Why it matters: Taiwan Semiconductor Manufacturing Company (TSMC) is set to sign a deal with IBM to produce mainframe server chips. As a big player in the global data center market, a contract to supply IBM could propel TSMC into a position to contend with Intel which currently owns the market.
The business machine giant designs its own server chips, which are presently produced by GlobalFoundries, so the change to a new supplier is a big blow for the rival manufacturer. According to sources with Nikkei, IBM looks to move to a smaller process for its next generation of mainframe servers, and Taiwan-based TSMC has the only 7nm technology available.

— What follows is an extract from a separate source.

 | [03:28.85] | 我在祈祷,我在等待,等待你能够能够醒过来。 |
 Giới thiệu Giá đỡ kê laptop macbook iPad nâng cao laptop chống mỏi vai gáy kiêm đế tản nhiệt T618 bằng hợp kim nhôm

Currently, Intel controls 96 percent of the data center server market. It is working on a 10nm process that is expected to compete with TSMC’s slimmer wafers, but those chips have been delayed until some time in late 2019. In the meantime, IBM can start using a 7nm chip right away.
“We think Intel could gradually lose some market share … for its most lucrative data center server chip business,” said Trendforce analyst Liu Chia-hao.

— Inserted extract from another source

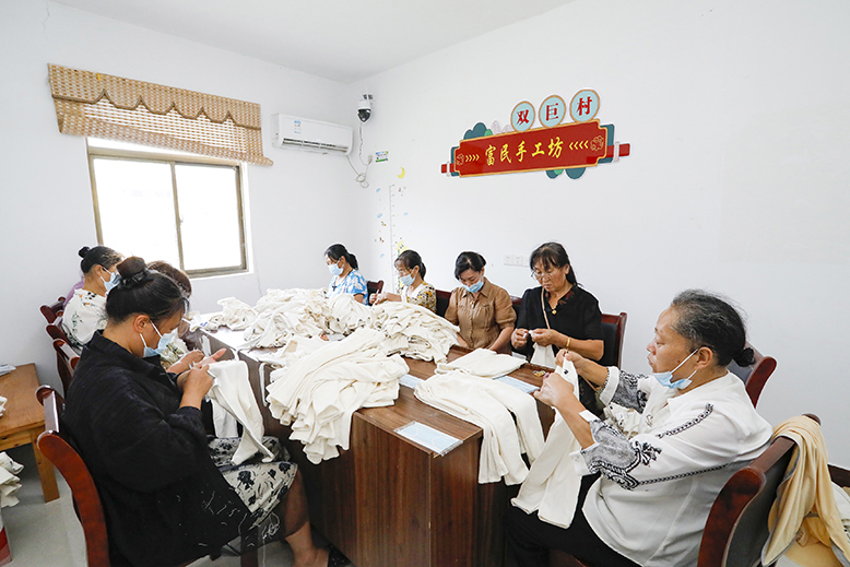 8月15日,记者在双巨村的“富民手工坊”看到,十几位老人围坐在一张长桌前,一边做着手工活,一边拉着家常,欢笑声不绝于耳,场面温馨和谐。“这个活很简单,就剪剪线头。村部不但提供专门的空调房,还免费提供茶水和午餐,一天下来还能挣七八十块钱,对我们来说是天大的好事!”村民黄静笑着告诉记者。
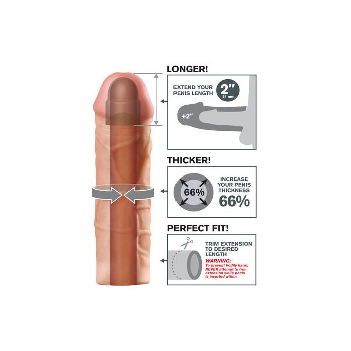 Mit der Fantasy X-tensions Mega 2 Verlängerung wird Ihr Penis sofort in ein großartiges Erlebnis für Ihren Partner verwandelt. Ein Eingriff ist ab sofort nicht mehr nötig. Denn dies ist erschwinglich und sicher in der Anwendung. Es ist eine anpassbare Verlängerung, die einfach zugeschnitten werden kann. Es hat einen Innendurchmesser von 3,2 cm, eine Länge von 20,3 und eine Breite von 5 cm. Kurz gesagt, Ihr Leben wird sich mit der Fantasy X-tensions Mega 2 Verlängerung ändern.

As of its last earnings report, Intel receives about 50 percent of its operating revenue through its data center division. It reported revenues of $17.09 billion just in the first nine months of 2018. This chunk of the sector is made up of mostly Dell and HP servers with IBM in third place. Although it ships far fewer units than competitors, the IBM’s data servers are considered by some to be the “Rolls-Royces” of the market.
“Compared with ordinary enterprise servers that come with Intel’s X-86 chips, They are much more expensive than those products,” said Danny Kuo, an analyst with IDC. “The IBM sever core chips will be much more expensive as well.”

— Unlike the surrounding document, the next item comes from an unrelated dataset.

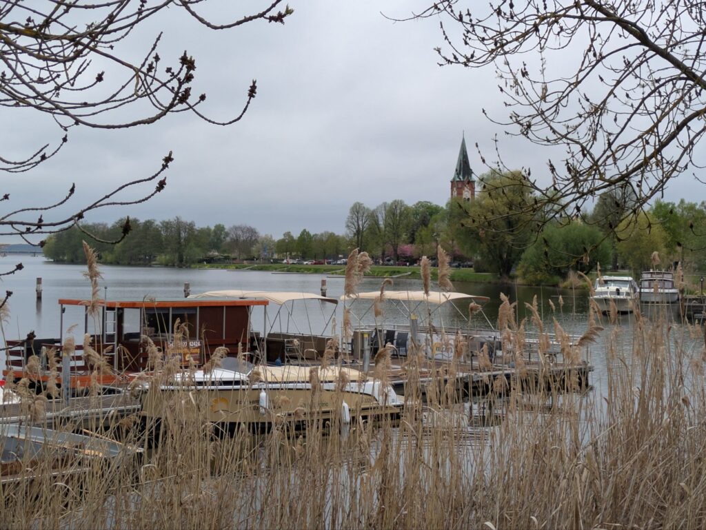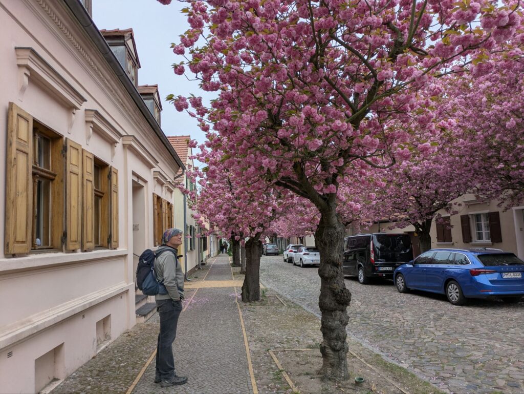 Anja wollte dann noch etwas sehen und wir haben beschlossen, nach Werder/Havel zu fahren. Die Altstadt dort, auf einer Insel gelegen, soll sehr sehenswert sein. Wir wurden auch nicht enttäuscht. Man hat das vor der Wende sehr heruntergekommene Städtchen sehr schön renoviert und herausgeputzt. Nur das trübe Wetter wollte nicht so ganz zu den rosa Kirschblüten passen.

Banks and other companies use IBM setups ranging from $300,000 to $2 million. This higher-end clientele means TSMC will see greater profits producing custom chips for IBM. With recent shifts in the mobile market, including reduced production numbers from its main mobile client Apple, the company looks to other areas to hedge its numbers.
The Taiwan chip maker will not be knocking Intel off of its 96-percentage-point perch any time soon, but penning the deal with IBM could be a good start that is bound to bring immediate growth to the company.